- Associated Press - Sunday, February 28, 2016

LITTLE ROCK, Ark. (AP) - Small-scale food producers in Arkansas say they are struggling to make a profit as the infrastructure they need disappears.

Nationally, food marketed as local can fetch higher prices on grocery store shelves. A pound of chicken breast costs an average of $2.86, according to weekly U.S. Department of Agriculture retail reports. A pound of local chicken breast averages $8.02.

But even with charging higher prices, local producers are finding it difficult to increase margins, the Arkansas Democrat-Gazette reported (https://bit.ly/21BovCk ).

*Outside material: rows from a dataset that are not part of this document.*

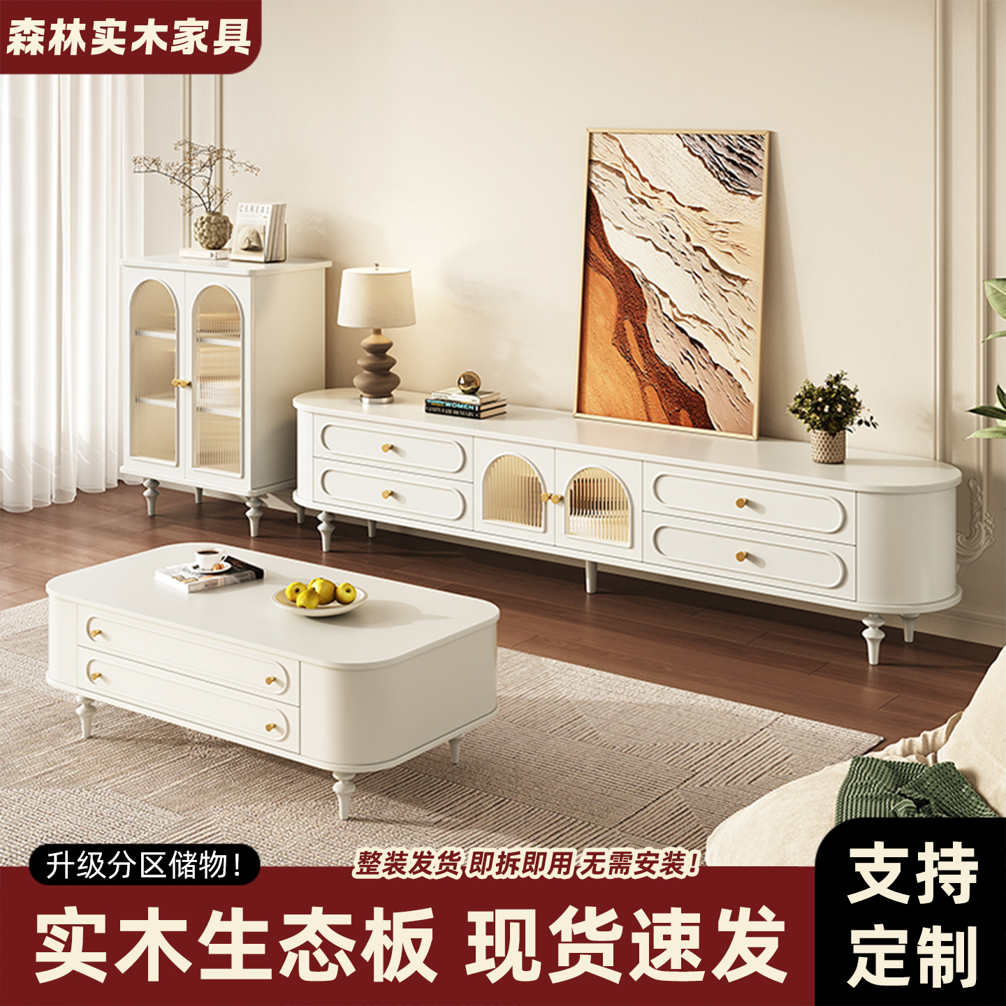 奶油风电视柜茶几组合简约现代法式实木奶白色电视机柜落地柜边柜
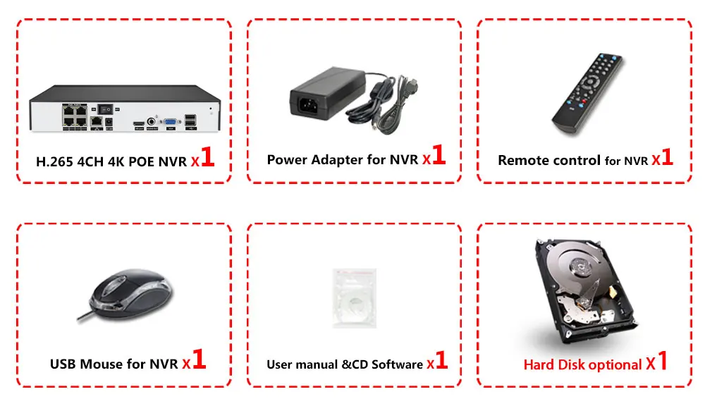 1 сетевой видеорегистратор 4CH 4K POE NVR 1 источник питания для NVR 1 usb-мышь для NVR 1 компакт-диск для программного обеспечения NVR 1 пульт дистанционного управления для жесткого диска NVR опционально! ! R
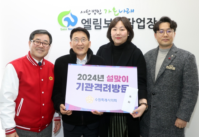 김 의장은 “설 명절에도 변함없이 소외계층 복지와 지역사회 안전을 위해 열심히 일하시는 분들에게 감사드린다”고 말하며, “힘들고 어려운 시기, 함께 살아가는 지역공동체를 만들기 위해 수원특례시의회가 더욱 노력하겠다”고 강조했다.
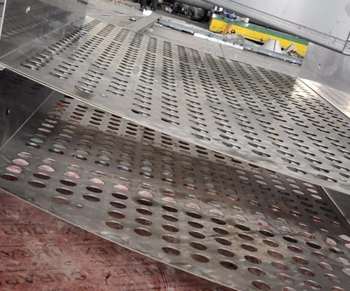 脫硫塔、噴淋塔、冷卻塔、濕電除塵等脫硫脫銷除塵設備煙氣均布裝置,材質一般有304,316L,2205,2507,1.4529,C-276等,厚度2-4mm,通孔率35-45%,圓孔直徑一般35mm,托盤的大小根據塔體的直徑變化,合金托盤整套設備包含:托盤主體,抱箍,夾板,定矩管,螺栓組件等。一般裝在脫硫脫銷設備下氣室,高度根據塔大小確定。

Wes Ward, Arkansas’ secretary of agriculture, said the state is trying to promote locally produced food and people are willing to spend more for products grown in Arkansas.

“It’s a national and state trend for people who want to know more about where their food is coming from,” he said. “It’s very exciting to watch that happen.”

Meat must be processed at a USDA-approved slaughterhouse to be sold commercially across state lines. Farmers also can use custom slaughterhouses to process animals, but large quantities of it cannot be labeled and sold.

“Places that will process a small farmer’s poultry that are USDA are few and far between,” said C.J. Sentell, production manager of Grass Roots Farmers’ Cooperative. “It’s a key piece of infrastructure that’s missing from the local-food scene.”

Fewer but larger federal slaughterhouses are now the norm. There are about 60 USDA-approved slaughter and processing facilities in Arkansas. More than half are owned by large state or national food corporations. At least 18 are owned by Tyson Foods.

Farmers can rent out slaughterhouses and processing facilities that belong to meat producers like Tyson or Simmons Foods, which also owns several facilities in the state. But Sentell said these facilities, which can process large numbers of animals, are too expensive for most small-scale farmers.

“We are just not that big, and don’t want to be that big,” he said.

The USDA lists Arkansas as one of the areas where there is a lack of small slaughter facilities in relation to large numbers of small farms.